Dataset records -
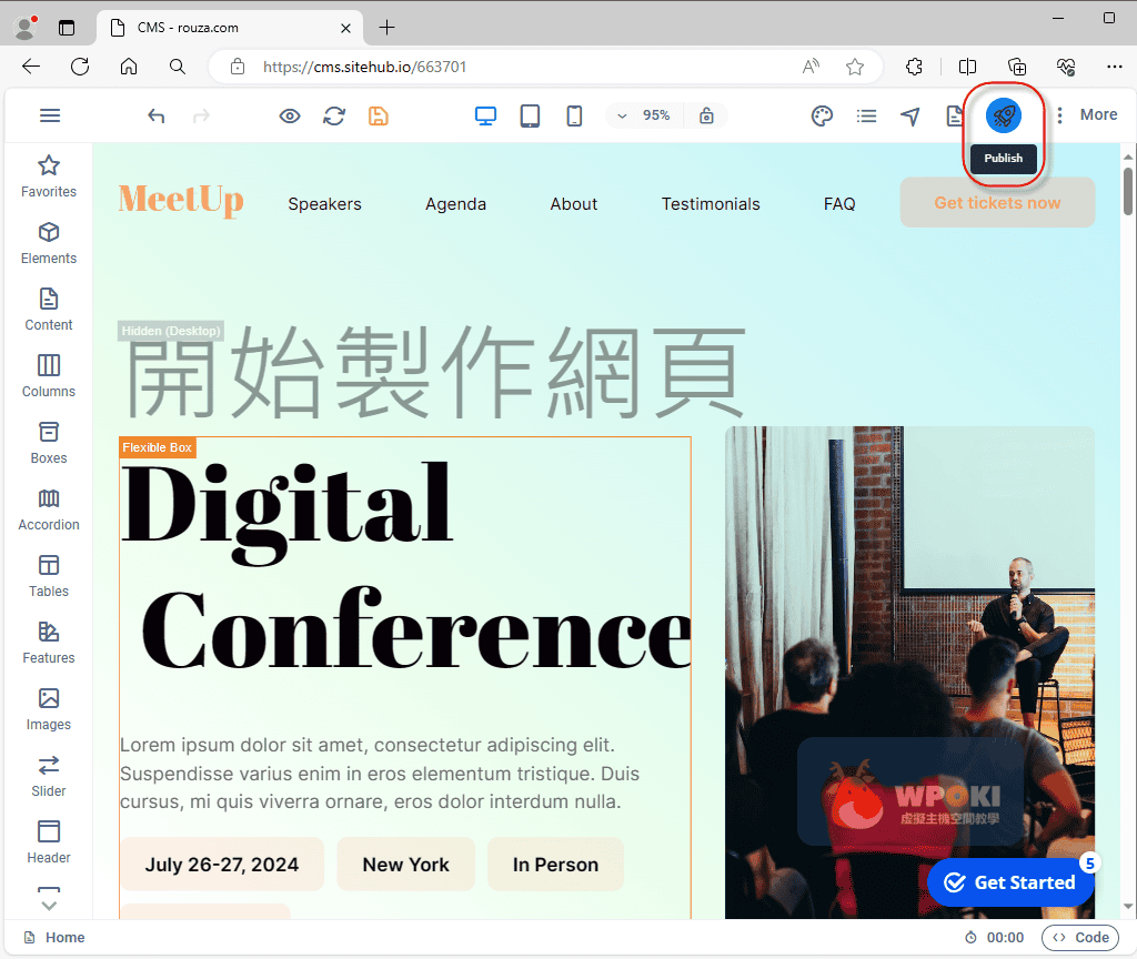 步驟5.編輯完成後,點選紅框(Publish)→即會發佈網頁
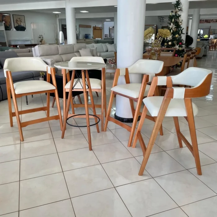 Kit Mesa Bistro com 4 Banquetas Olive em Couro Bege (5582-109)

---

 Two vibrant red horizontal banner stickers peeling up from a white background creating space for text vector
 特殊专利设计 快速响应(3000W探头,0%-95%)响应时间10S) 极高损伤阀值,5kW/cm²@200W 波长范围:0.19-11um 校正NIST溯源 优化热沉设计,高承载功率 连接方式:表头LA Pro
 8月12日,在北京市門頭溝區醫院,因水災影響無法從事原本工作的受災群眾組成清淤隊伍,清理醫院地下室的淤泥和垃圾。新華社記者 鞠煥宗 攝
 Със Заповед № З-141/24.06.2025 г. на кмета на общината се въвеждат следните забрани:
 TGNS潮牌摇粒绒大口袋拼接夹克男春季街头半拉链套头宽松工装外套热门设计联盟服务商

Your assignment -
Among the records above, a stretch begins at the line containing "Two vibrant red" and ends at the line containing "TGNS潮牌摇粒绒大口袋拼接". Restate that stretch word for word, and nothing else.

Answer -
 Two vibrant red horizontal banner stickers peeling up from a white background creating space for text vector
 特殊专利设计 快速响应(3000W探头,0%-95%)响应时间10S) 极高损伤阀值,5kW/cm²@200W 波长范围:0.19-11um 校正NIST溯源 优化热沉设计,高承载功率 连接方式:表头LA Pro
 8月12日,在北京市門頭溝區醫院,因水災影響無法從事原本工作的受災群眾組成清淤隊伍,清理醫院地下室的淤泥和垃圾。新華社記者 鞠煥宗 攝
 Със Заповед № З-141/24.06.2025 г. на кмета на общината се въвеждат следните забрани:
 TGNS潮牌摇粒绒大口袋拼接夹克男春季街头半拉链套头宽松工装外套热门设计联盟服务商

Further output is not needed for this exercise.